Search code examples
javahadoopmapreduce

NullPointerException caused by static field in Mapper class


I have a HBase MapReduce Bulkload application which include a customized MyMapper Class, and it has a static field parser which is used during the application running, When I config the job, I use config method to init the static field parser.

But when the job is running, the annotated line throws a null pointer exception, seems like after the job being submitted to Yarn, the static field parser becomes null.

This is the Mapper code, the version of hadoop is 2.7.7.

public class MyMapper extends Mapper<LongWritable, Text, ImmutableBytesWritable, Put> {

  private static StringParser parser;

  public static void config(StringParser parser) {
    MyMapper.parser = parser;
  }

  @Override
  protected void map(LongWritable key, Text value, Context context)
      throws IOException, InterruptedException {
    String lineValue = value.toString();
    String output;
    try {
      // null pointer exception this line.
      output = parser.parse(lineValue); 
      context.write(new ImmutableBytesWritable(..., ...);
    } catch (ParseException e) {
      e.printStackTrace();
    }
  }
}

Here is the code about the job submition:

 
    Job job = Job.getInstance(conf, "Batch Import HBase Table:" + tableName);
    job.setJarByClass(TextBulkLoadDriver.class);
    FileInputFormat.setInputPaths(job, inPath);

    // Config Mapper related content, here I set the static field in MyMapper class.
    MyMapper.config(parser); 
    Class<MyMapper> cls = MyMapper.class;
    job.setMapperClass(cls);
    job.setMapOutputKeyClass(ImmutableBytesWritable.class);
    job.setMapOutputValueClass(Put.class);

    job.setNumReduceTasks(1);
    job.setReducerClass(PutSortReducer.class);

    RegionLocator locator = instance.getConnection().getRegionLocator(TableName.valueOf(tableName));
    try (Admin admin = instance.getAdmin(); Table table = instance.getTable(tableName)) {
      HFileOutputFormat2.configureIncrementalLoad(job, table, locator);
      HFileOutputFormat2.setOutputPath(job, outPath);
      // run the job
      job.waitForCompletion(true);
      logger.info("HFileOutputFormat2 file ready on {}", outPath);
      LoadIncrementalHFiles loader = new LoadIncrementalHFiles(conf);
      loader.doBulkLoad(outPath, admin, table, locator);
    } catch (Exception e) {
      throw new RuntimeException(e);
    }

TIA for all suggestions!


Solution

  • Static variables are not sent to the distributed data processing in MapReduce.

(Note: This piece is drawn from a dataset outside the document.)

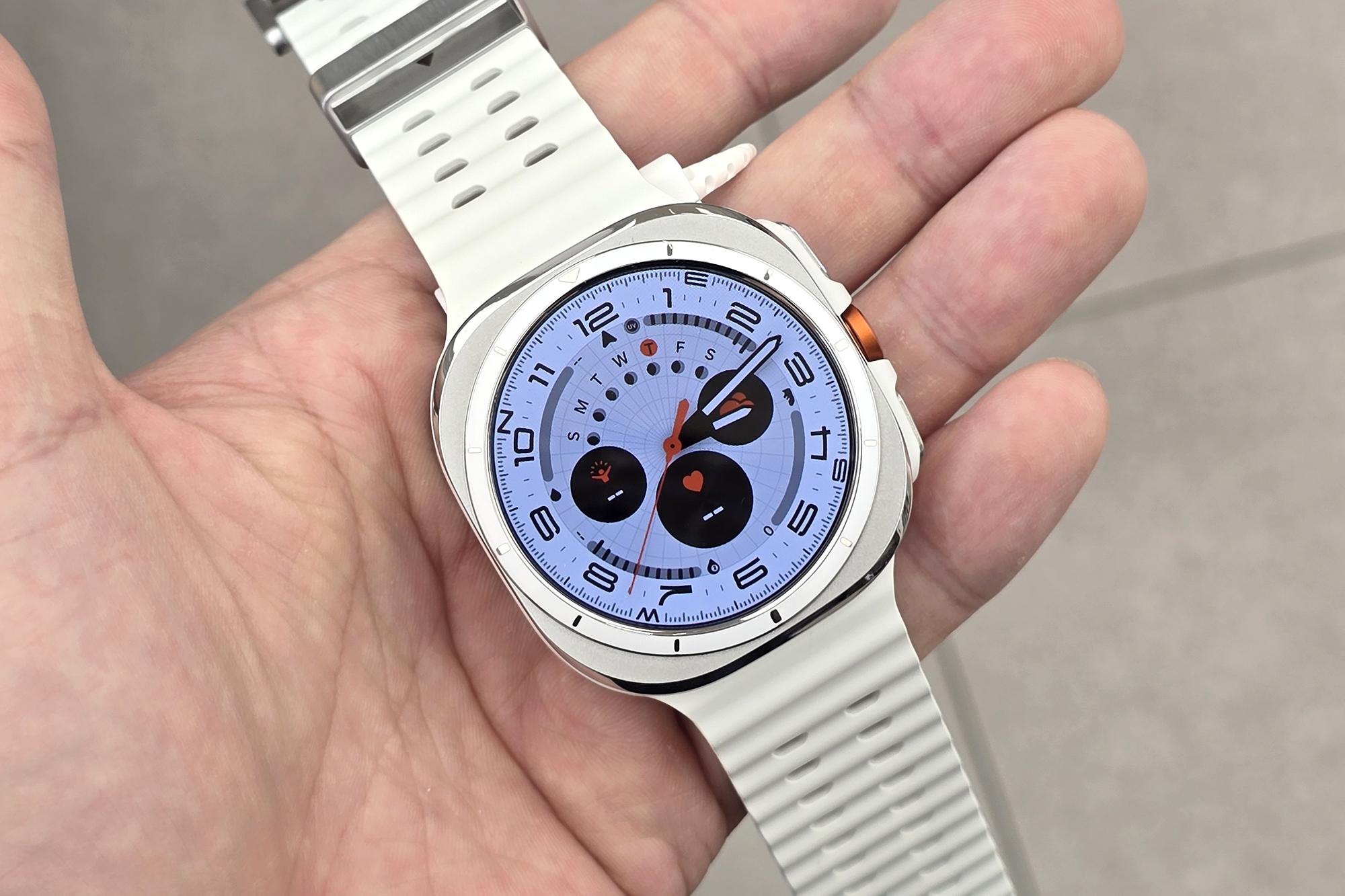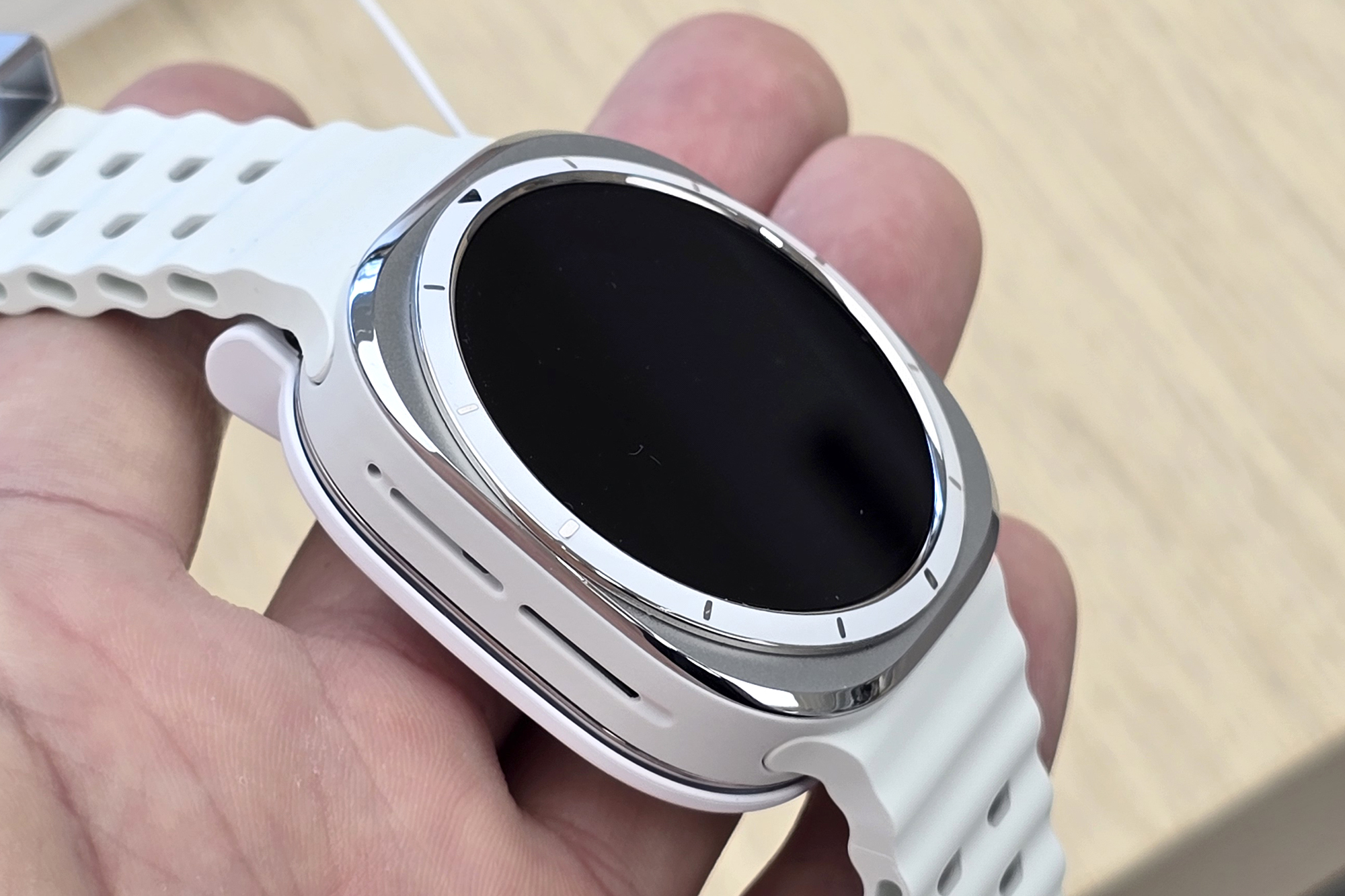 갤럭시 워치 울트라 화이트에는 1.5인치(37.3mm) 480 x 480 해상도의 Super AMOLED 디스플레이가 탑재되었습니다. 디스플레이 크기 자체는 갤럭시 워치7 44mm와 같은 편입니다. 3,000니트의 밝기를 지원하는 화면의 품질은 우수한 편이었습니다.

These variables are stored in memory only where the jobTracker is running and not in the executing nodes.

    Yarn distributes the tasks to the nodes by serializing the task and sending that to the processing nodes. The static method config will not be going to get evaluated at every node, thus making the parser object null.

    If you want to initialize the static variables, you might need to serialize the object and send it to each mapper.